> Berners-Lee, the creator of the Web, chose the name “World Wide Web” because he wanted to emphasize that, in this global hypertext system, anything could link to anything else
Berners-Lee was brought up as a rejoinder to various decision makers who originally agreed to implement it, being that the www is more original than twitter, and fwiw he's not an American.
It's quite exasperating to find someone arguing that there is some benefit to regression towards applications which don't link into other applications. Why be on the web at all?
If someone limits your options to only two, or even one source of resources, are you better off?
This discussion thread emerged from the suggestion of "maybe that's a good thing." Is it?

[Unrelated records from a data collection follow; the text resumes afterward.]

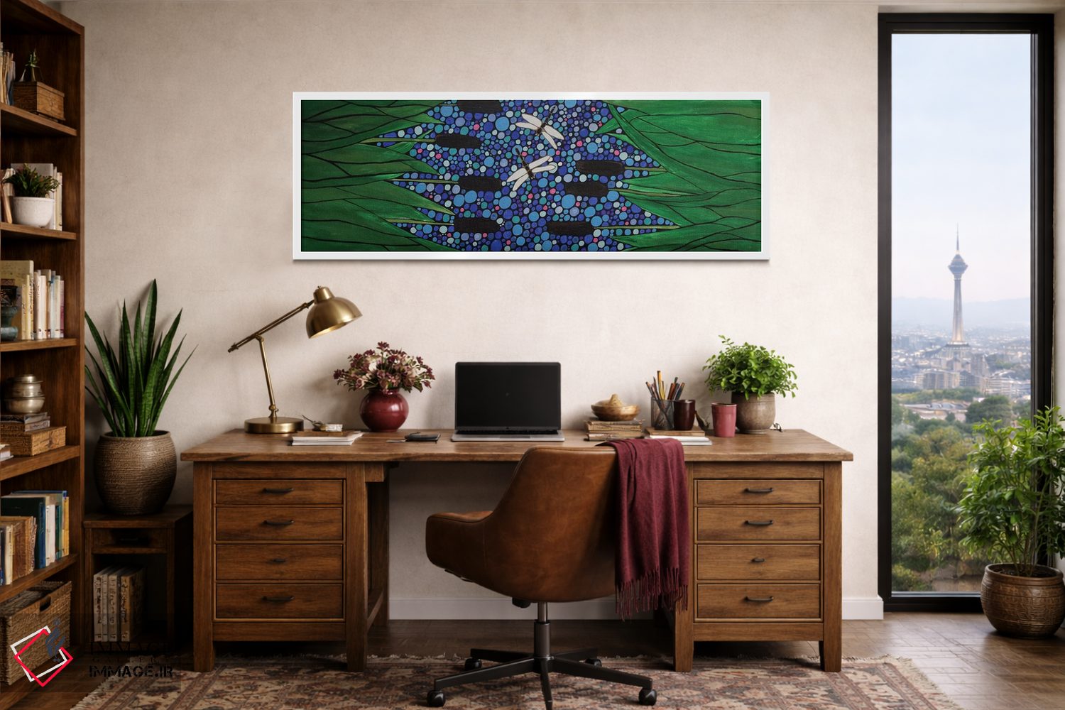 براساس پالت ترکیبی اثر، قاب تیک گرم (چوبی) پیشنهاد اول است و مشکی مات (فریم متوسط) مکمل. برای سفارشهای پروژهای با ابعاد و قابهای اختصاصی با ایماژ در تماس باشید.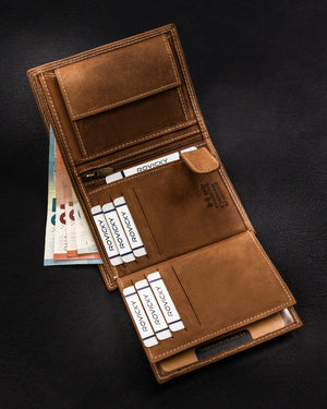 Šis vīriešu maks no Always Wild kolekcijas ir izgatavots no augstas kvalitātes dabīgas zamšādas un nubuka ādas, nodrošinot elegantu un izturīgu dizainu. Gaiši brūnā krāsa labi sader ar dažādiem stiliem, un lielais izmērs nodrošina, ka jums būs pietiekami daudz vietas visām jūsu mantām. Makam ir 6-10 karšu nodalījumi, tāpēc jūs varat ērti uzglabāt visas savas kartes. Turklāt integrētā RFID aizsardzība palīdzēs aizsargāt jūsu personas datus no neatļautas skenēšanas. Izmēri 13 cm x 9,5 cm x 2,5 cm nodrošina, ka maks būs ērts un praktisks ikdienas lietošanai.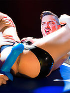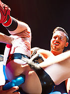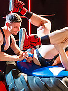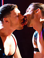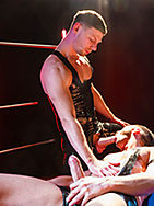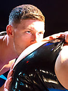 Dom and Sub, Theo & Sam are rubberised and ready. Sam in a black rubber wrestling suit with the ass cut out, flagging red with his bright coloured hightop trainers and socks, Theo looking the full rubber dominant top in slick black trousers, boots and muscle vest. Clean cut and mean.

It's a question of trust, competition, and whether there's so much destruction of honest competition that only the destructive and twisted competition remains, keeping people afraid to venture into the unknown, willing to perpetuate the cycle of destroying competitors and endangering civilization itself.
This comment is so deep in the comment chain that it makes no sense to talk generally about this when the thread starting comments are available for you to reply too…
Are we not talking about opinion vs opinion ? What twitter engineers think is good for twitter vs what web engineers think is good for the web ? I don't really follow what your assertion is, I would be happy to elaborate my position if you elaborate yours.
https://www.todayifoundout.com/index.php/2011/01/why-the-web...
The net is fundamentally about linking things together.